Our Violent Ends
- Author: Chloe Gong
- Genre: YA Fantasy
- Publication Date: November 16, 2021
- Publisher: Margaret K. McElderry Books
- Series: These Violent Delights #2
Thank you to NetGalley for providing me with an ARC of this book. I am offering my honest opinion voluntarily.
CONTENT WARNING: murder, gun violence, blood, violence, gore, grief, death of children
Beware — this review may include some spoilers for These Violent Delights, so if you haven’t read it yet, you might want to skip this review.
The year is 1927, and Shanghai teeters on the edge of revolution.
After sacrificing her relationship with Roma to protect him from the blood feud, Juliette has been a girl on a mission. One wrong move, and her cousin will step in to usurp her place as the Scarlet Gang’s heir. The only way to save the boy she loves from the wrath of the Scarlets is to have him want her dead for murdering his best friend in cold blood. If Juliette were actually guilty of the crime Roma believes she committed, his rejection might sting less.
Roma is still reeling from Marshall’s death, and his cousin Benedikt will barely speak to him. Roma knows it’s his fault for letting the ruthless Juliette back into his life, and he’s determined to set things right—even if that means killing the girl he hates and loves with equal measure.
Then a new monstrous danger emerges in the city, and though secrets keep them apart, Juliette must secure Roma’s cooperation if they are to end this threat once and for all. Shanghai is already at a boiling point: The Nationalists are marching in, whispers of civil war brew louder every day, and gangster rule faces complete annihilation. Roma and Juliette must put aside their differences to combat monsters and politics, but they aren’t prepared for the biggest threat of all: protecting their hearts from each other.
I read this as a buddy read with Becky @ Becky’s Book Blog, and the two of us basically just fangirled for the majority of our discussion. We had both really been looking forward to reading this, and the conclusion to this duology didn’t let us down at all. There were just so many things to love about this book, and nothing I didn’t like, so I’m just going to run through the things that I enjoyed and why.
The characters. While there were a couple that I actually despised and was hoping they’d die, the ones that I fell in love with from These Violent Delights were just as amazing in this book. Juliette is still a feminist badass, but goes through such an immense arc of character growth that I couldn’t help but be astounded. Roma is still the cinnamon roll, but his character arc was a little more back and forth. He’s so emotionally tortured in this book. And don’t even get me started on Benedikt and Marshall, and Kathleen and Rosalind. I loved them all, even as they were struggling with their own individual and group issues.
The geopolitical issues. Gong dealt with the historical issues facing Shanghai in such a fabulous and accessible way. I’m not overly familiar with Chinese history, but she kind of portrayed Shanghai as a pie being fought over by the gangs, imperialist foreigners, the Nationalists, and the Communists, and although the gangs could have worked together to fight the opposing forces, they just weren’t willing or able to set aside their blood feud to work join forces. It also portrayed Shanghai as another character, as a living entity.
The tension. There’s a thick undercurrent of tension running throughout the story that only gets heavier towards the end of the book. The feeling of *something* is going to happen only got stronger as I read on, and I know that Becky felt the same way because we struggled to stop reading at the designated discussion points.
The way Gong stuck to the original play but also made it her own. Although I’m not a huge Shakespeare fan, I had to read Romeo and Juliet in school. It was a long time ago, but I do remember the original structure of the story. The duology has enough echoes of the original story, but Gong has definitely put her own distinctive spin on it. Adding a feminist flair by making Juliette undoubtedly the star of the show, ensuring that diversity has a central place in the story, throwing in the monster as a fantasy element, and bringing the story into the complicated era of the 1920s with the cultural and political changes occurring just breathed fresh life into this tired old story.

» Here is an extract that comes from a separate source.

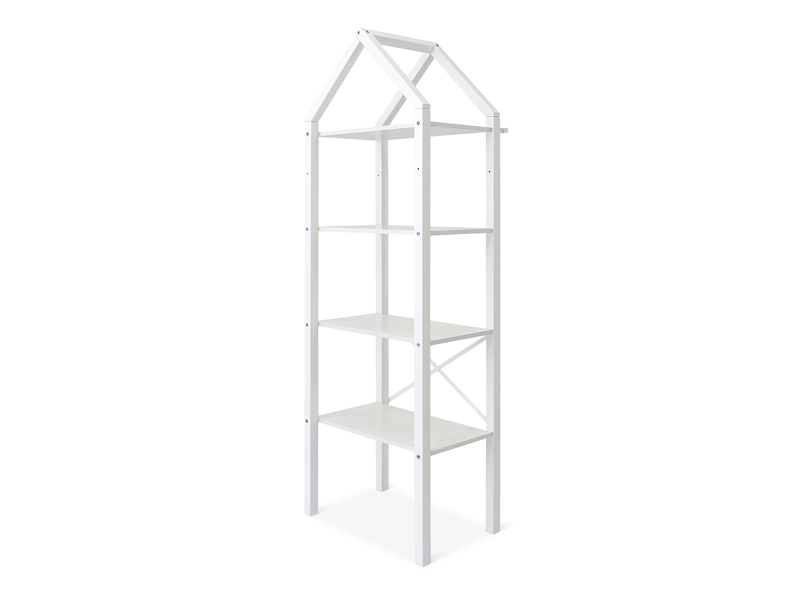 Короб для хранения приобретается отдельно!Стеллаж стоит на 4ех ножках. Для устойчивости конструкцию детского стеллажа можно прикрепить к стене с помощью специального уголка, который идет в комплекте. Стеллаж сконструирован так, что его можно использовать в двух вариантах – с четырьмя полками или с вешалом и одной полкой. Все необходимое для двух вариантов сборки стеллажа идет в комплекте. Крышу домика при желании можно снять.

The romance. Although this is an enemies to lovers to enemies and back to lovers story, I never got tired of the dynamic between Roma and Juliette. The banter and violence between them only amped it up, and the changed gender roles, with Juliette often playing the aggressor and Roma the cinnamon roll was a fascinating switch that kept me hooked on them. I couldn’t wait to see what would happen next.
The action. With the two main characters being heirs to rival gangs, there’s bound to be action. There were some plot twists that Becky and I had figured out, but there were still so many plot twists that managed to surprise me. And I honestly never felt disappointed when I figured out a twist — I found myself cheering or saying “YES!” when I got to the reveal. The story never lagged or got boring.
If these aren’t enough reasons for you to read this, the writing itself is beautiful. It’s an incredible accomplishment for any author, let alone one who is in college during a pandemic. Chloe Gong has outdone herself with this one, and I can’t wait to see what she comes up with next.
People who have sat around with me while I’m reading, especially when there’s a surprising reveal, a shocking plot twist, or an unexpected event often look up in alarm when I gasp audibly. The gasp factor is directly related to the number of times I audibly gasp during a reading, and there isn’t an upper limit.